Just understanding that some sounds are voiced and some aren't will increase students' awareness of their problems in other areas. For example, Spanish speakers are unlikely to be aware that /z/ and /s/ are two distinct phonemes in English. The same will be true for Arabic speakers who will have difficulty in distinguishing /b/ and its fortis partner /p/ and in pronouncing them differently.
Of course the other reason for doing so, is that we do not usually say words in isolation! As the Original Poster observed, when a /d/ is preceded and followed by a voiced sound, it will remain fully voiced. So in "We phoned a lot of people" we need to produce and recognise /fəʊnd ə lɒt/, not /*fəʊnt ə lɒt/. The latter would give students a very marked non-native pronunciation.

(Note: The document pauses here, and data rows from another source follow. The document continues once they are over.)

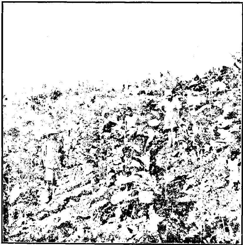
Teak plantation. 10 months old in Bouldery soil, coupe 23 of F. S. XXVI. Nikne Round, Kasa Range, North Thana Division Northern Circle. (Average height 5 feet).
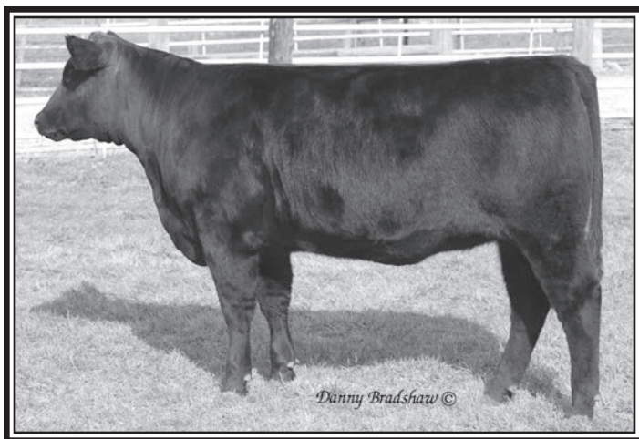
BLKCP EMPRESS ELLSTON R413 – Lot 164
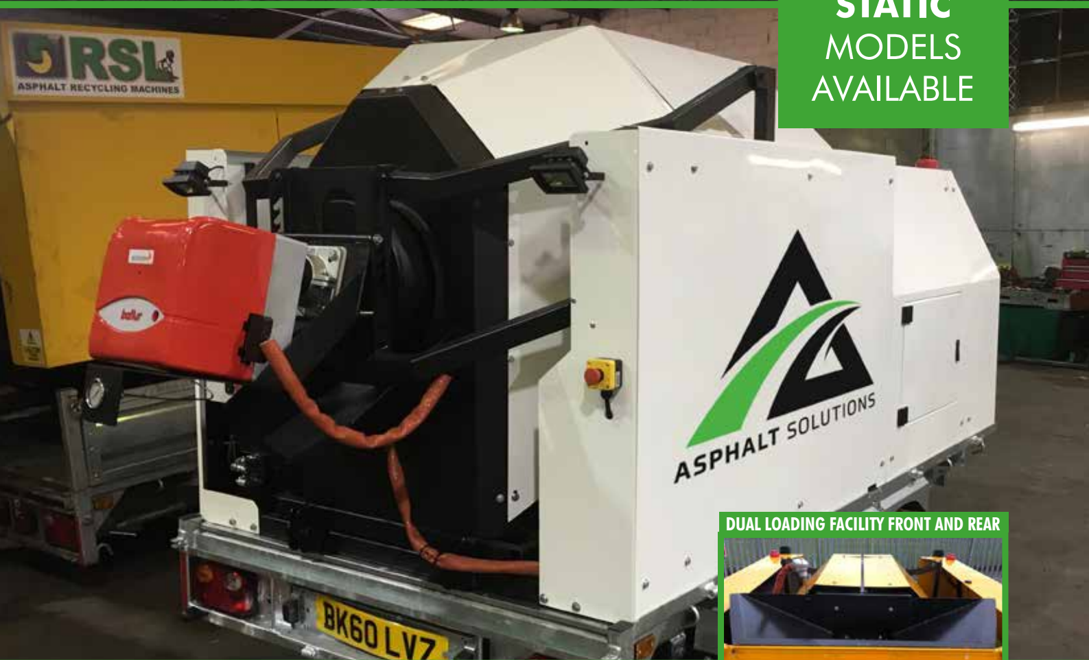
DUAL LOADING FACILITY FRONT AND REAR

I think it is pretty common in various English dialects for /b/ /d/ /g/ at the end of a word to be pronounced as unaspirated voiceless [p] [t] [k], by which I mean consonants said without vibration of the vocal cords, but without the little puff of air referred to as aspiration. I don't know about British dialects (I'm from Ohio, USA). I haven't heard a dialect with word final voiceless aspirated stops for these consonants, but it is certainly possible that you speak one. (We might not mean exactly the same thing by the term "aspirate".)